Is it the lovey dovey she wants??

AnyFucker · 08/02/2012 18:22

"feathery strokers" do "nurturing and cherishing"

God noooooooooo

Malificence · 08/02/2012 18:44

Feathery strokers also do taking roughly over the dining table - Oh Yes. Wink
I'm all for it.

MadameCastafiore · 08/02/2012 19:12

But over the JL table of the NEXT table???

Malificence · 08/02/2012 19:25

Neither, they were both hideous Wink .

Rosmarin · 08/02/2012 21:13

Wobbly had some thoughtful suggestions.

But I can't help bristling at the 'beloved animal' remark and the 'Women want to be talked to, to have their involved stories about who said what to be listened to, and to be touched.' Are the type of funny little stories we tell only about 'who said what'? Is that because we've been at home all day, doing housework and gossiping with the gals? Hmm

I think most people like to be talked and listened to. Regardless of whether their gender or topic of conversation.

Rosmarin · 08/02/2012 21:14

Oops, bristly reaction is 5 pages too late. Sorry folks.

garlicfrother · 09/02/2012 13:54

Well, well Grin I've been avoiding this thread as I assumed it would turn out to be from some entitled whinger and full of shouty replies! Just goes to show you should never assume, eh?!

What an encouraging story so far - glad you're putting all this good advice into practice, Cap'n! Can't wait to see how things go. Congrats on swapping this week's footy for your relationship - have a nice time :)

PS: "Different strokes for different strokes". I like wobbly's long, gentle strokes but can't stand feathery. Some prefer it.

Abitwobblynow · 09/02/2012 14:54

"If my husband started stroking like he would a beloved animal whenever we were having a chat i would think he had taken leave of his senses."

OK sorry I used the creepy word stroking. Lets use the word non-sexual physical touch... is that all right with you all????

That was said with regard to the British obsession with animals. Which is seen as quite eccentric by other nations. Why are we s into our animals, but not eachother?

Hmmmm?

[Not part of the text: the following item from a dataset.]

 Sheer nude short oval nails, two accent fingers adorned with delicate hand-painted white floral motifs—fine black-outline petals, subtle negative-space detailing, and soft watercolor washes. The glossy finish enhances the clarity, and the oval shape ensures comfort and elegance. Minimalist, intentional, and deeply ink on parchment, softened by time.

Why do we touch and STROKE them so much, pouring love and attention into them and not our fellow supposedly beloved humans?

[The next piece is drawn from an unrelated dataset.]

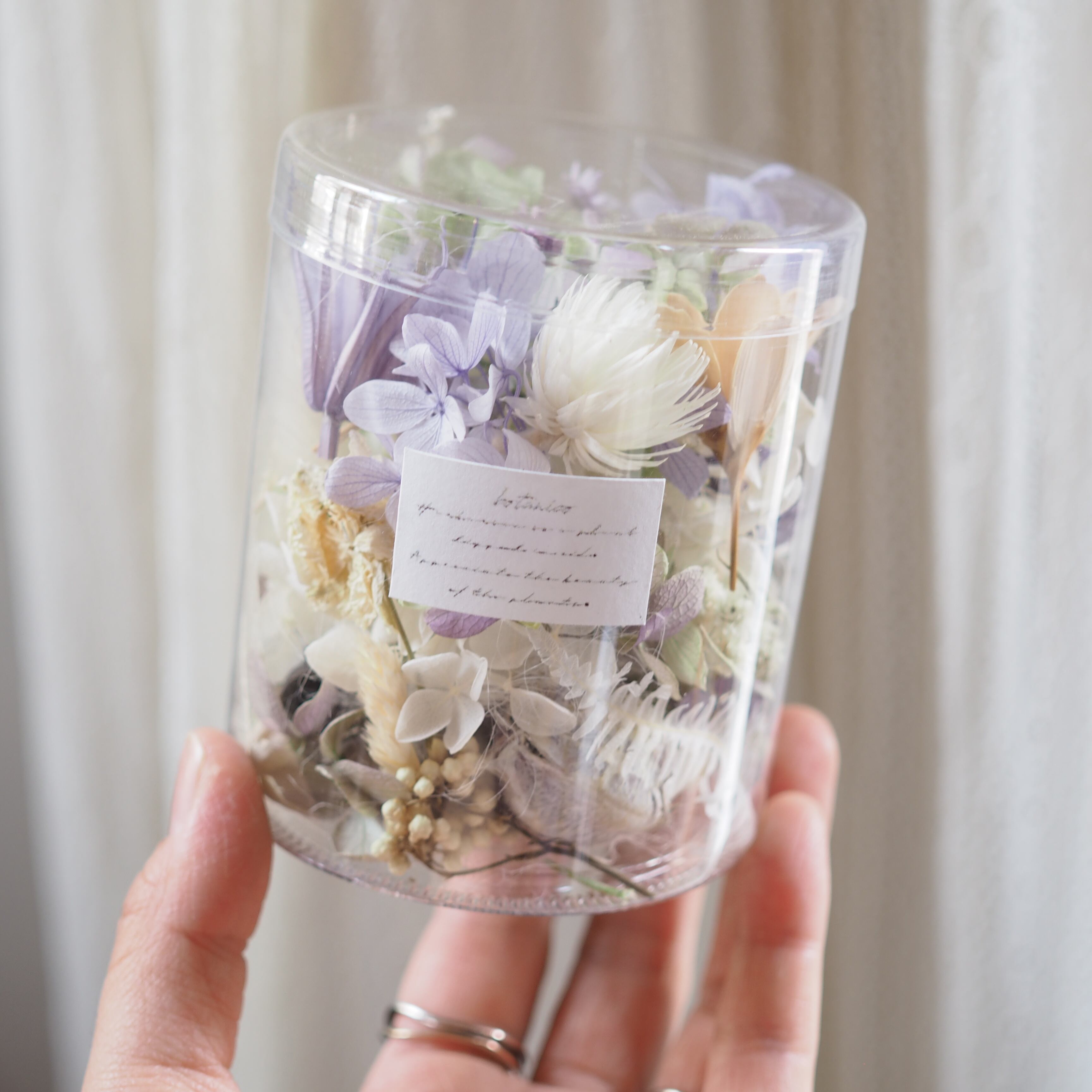カップに可愛いドライフラワーをぎゅっと詰め込んだ、見た目にも香りにも癒されるポプリです。

Perhaps you might concede that point or is it too much to ask!

garlicfrother · 09/02/2012 14:59

sorry, "Different strokes for different folks", obv.

And YY, wobbly.

Abitwobblynow · 09/02/2012 15:00

From a happy wife:

"He offers me massages.
He will find something good to watch on iplayer or ilovefilm, make me a cup of green tea, bring the body lotion and give my back a lovely 30-40 minute massage. Or, he will just gently pull up my trousers and give me a foot rub while watching.

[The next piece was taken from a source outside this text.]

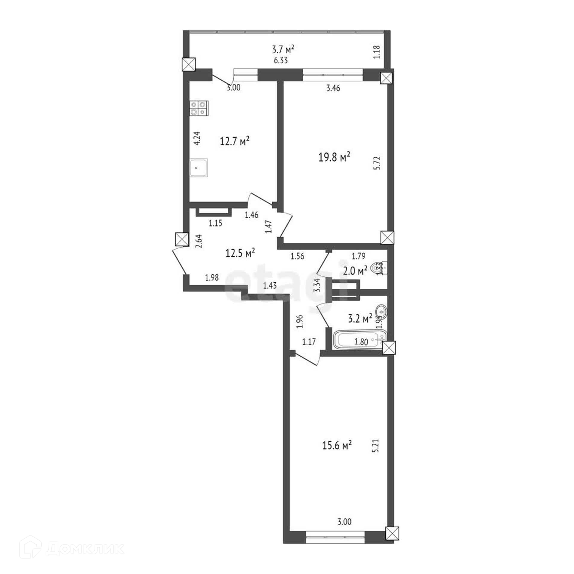2-комнатная квартира, 70 м2, этаж 7 / 9, на продажу в Омске, Пригородная улица, 23к3
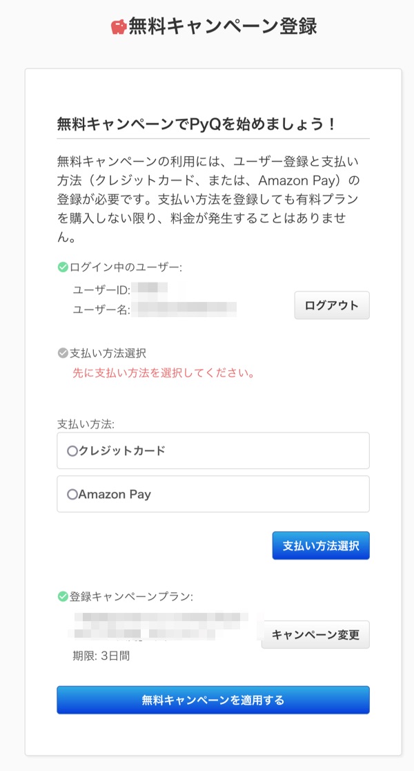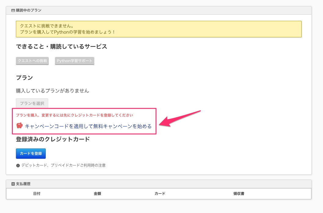 PyQにアカウントをお持ちの方も、有料プランを購読中でなければ、キャンペーンコードを利用できます。

He will hug me and kiss me spontaneously.

He says "hey gorgeous" and smiles at regular basis.

He sometimes pinches my bottom then pull me in for a hug (I dont mind the politically incorrect bottom pinch ) (He never "oinks" my breasts)"

Gees, all that fucking STROKING. Creepy, innit. (You lucky girl, I wish! But I do love my breasts being touched in a decidedly sexual way....)

QuintessentialyHollow · 09/02/2012 21:41

You taking the piss of me, eh eh? Angry

wiseoldowl · 10/02/2012 13:17

Captain Caveman,
Have just read your post & think that its great that you are showing some initiative FWIW.
I dont think any wife wants to be asked how to improve things, would look so much better and more caring if you take the initiative.
I agree that only you might know what she likes... but all of the above. Just think back to your early days together, what you did together. the little spontaneous acts. Texting her to say you love her.
I think that being married sometimes with DCs you forget about the 2 of you... just try to rekindle the desire for each other. Small acts,considerate things, just a night out for the 2 of you. Its not all about just trying to have sex whenever the opportunity arises, I think a lot of mums lose their sexiness because they 'just' feel that they are mums now.
DHs need to reassure their wives that they are loved for themselves, not as mums.